= Rita Gonzalez =

American curator, author and media artist

Rita Gonzalez is an American curator, author and media artist. She is the head of the contemporary art department at Los Angeles County Museum of Art (LACMA), an institution she has worked at since 2004. Many of her curatorial projects involve under-recognized Latinx and Latin American artists.

==Early life and education==
Gonzalez grew up in Whittier, California, studied at University of California, Santa Cruz (UCSC), University of California, San Diego (UCSD), and completed P.h.D. coursework in the University of California, Los Angeles (UCLA) film, television and digital media program on topics related to representation of Chicano art in contemporary art discourse.
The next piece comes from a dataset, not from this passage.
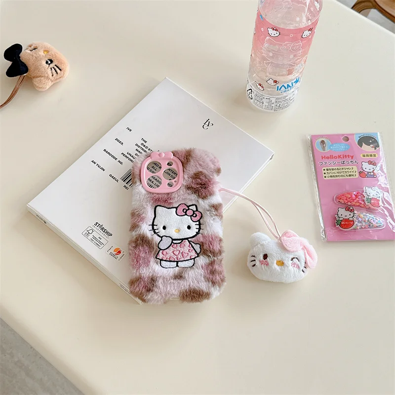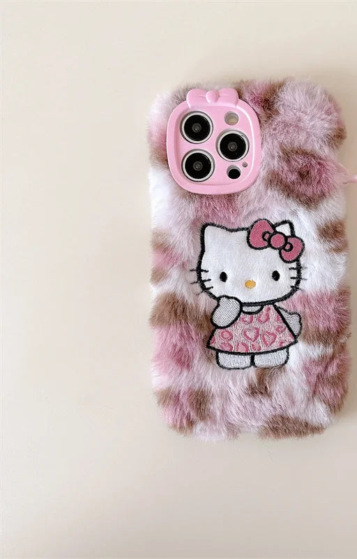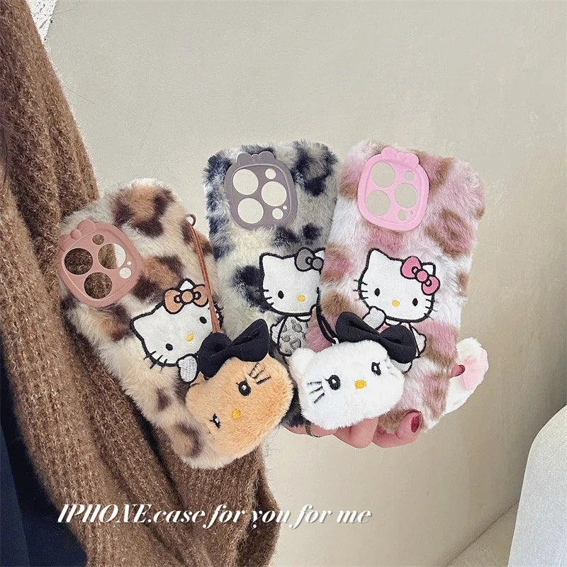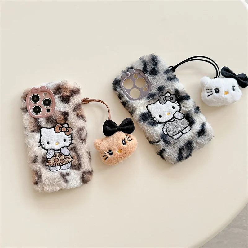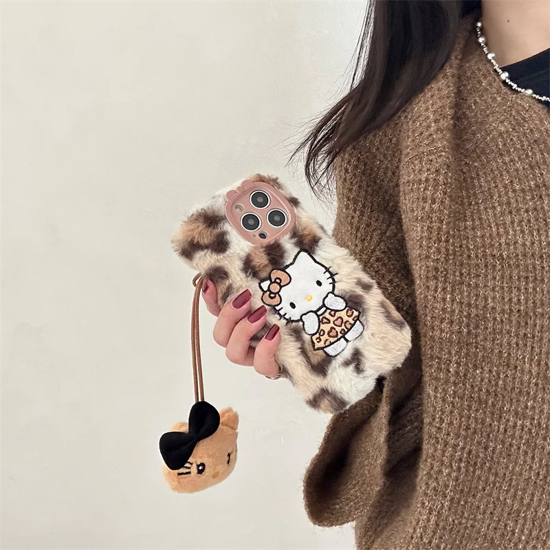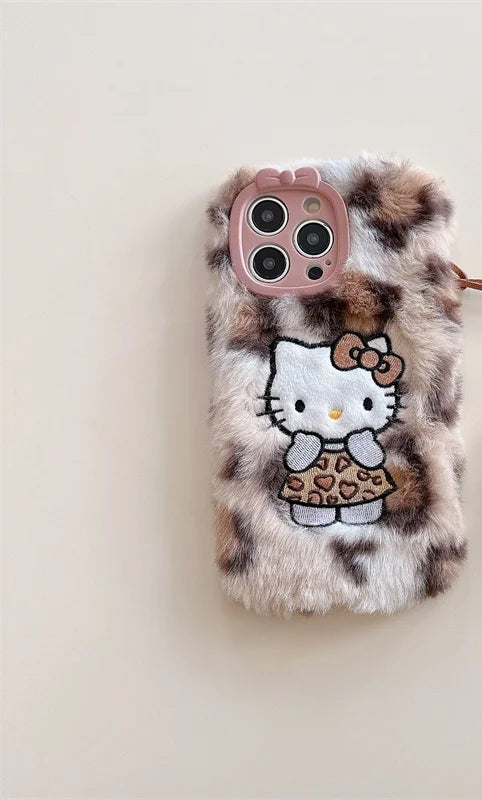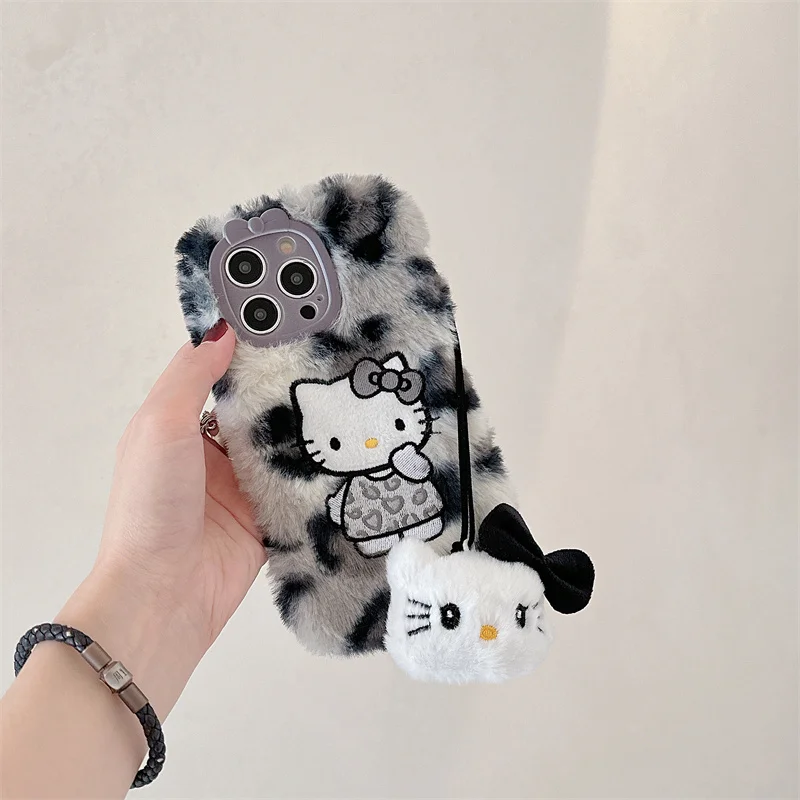 Elevate your iPhone style with the Luxury Winter Fluffy Hand Warmer Plush Leopard Hello Kitty Phone Case from Lusy Store. Designed for iPhone 16, 15, 14, and 13 Pro Max, this full-coverage case combines kawaii charm with practical features. Featuring a vibrant Hello Kitty cartoon design with a plush leopard print, it adds a touch of anime-inspired flair to your device. The case includes a furry wrist strap for easy carrying and a kickstand for hands-free viewing, making it both functional and fashionable.
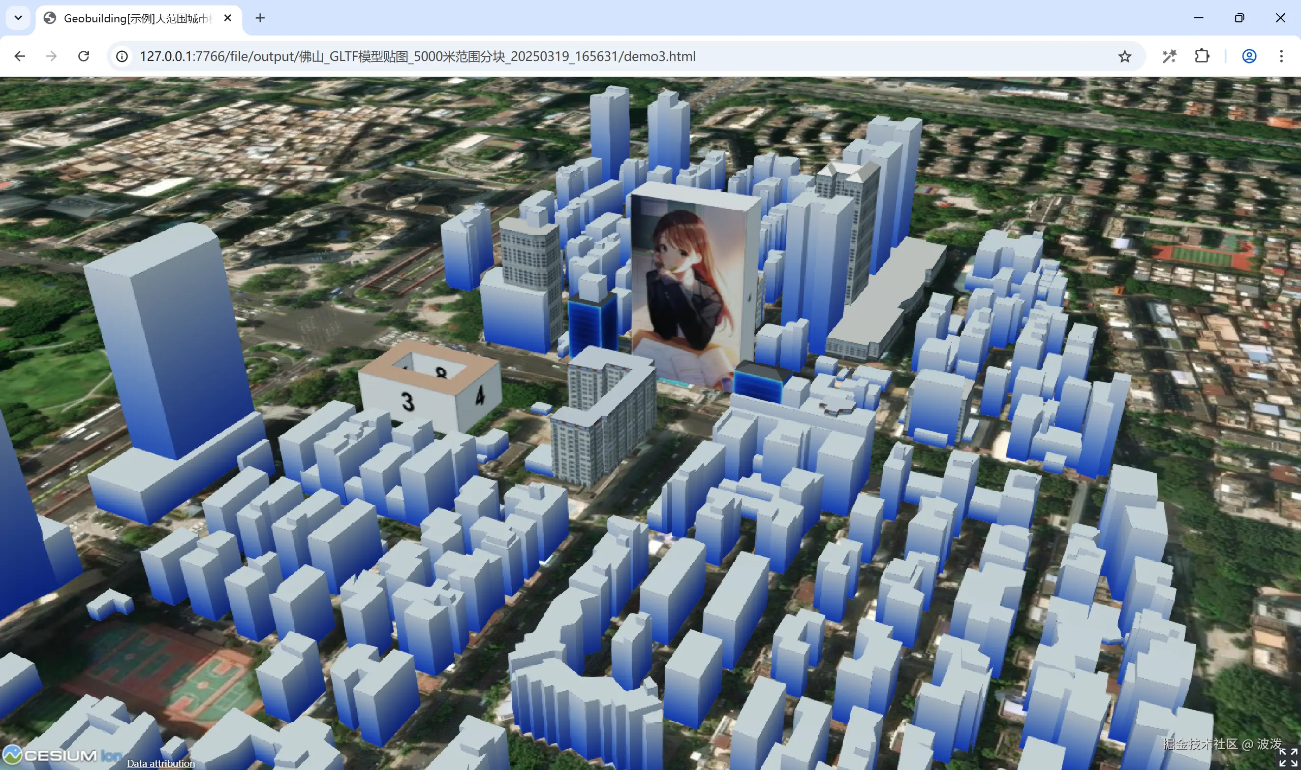 如果导出的格式是gltf,软件会导出基于cesium的演示文件和地址,可直接在浏览器中打开浏览效果。

In 2018, Gonzalez participated in the Center for Curatorial Leadership program, with Anne Pasternak as her mentor at the Brooklyn Museum.

==Career==
From 1997 to 1999, Gonzalez served as the Lila Wallace Curatorial Fellow at the Museum of Contemporary Art San Diego.

Gonzalez's curatorial oeuvre at LACMA includes Phantom Sightings: Art after the Chicano Movement (2008), Asco: Elite of the Obscure, A Retrospective, 1972–1987 (2011), L.A. Exuberance: New Gifts by Artists (2016), and A Universal History of Infamy (2018), a collaboration with José Luis Blondet and Pilar Tompkins Rivas.

In 2017, Gonzalez served on the jury for the stand prizes of Frieze Art Fair.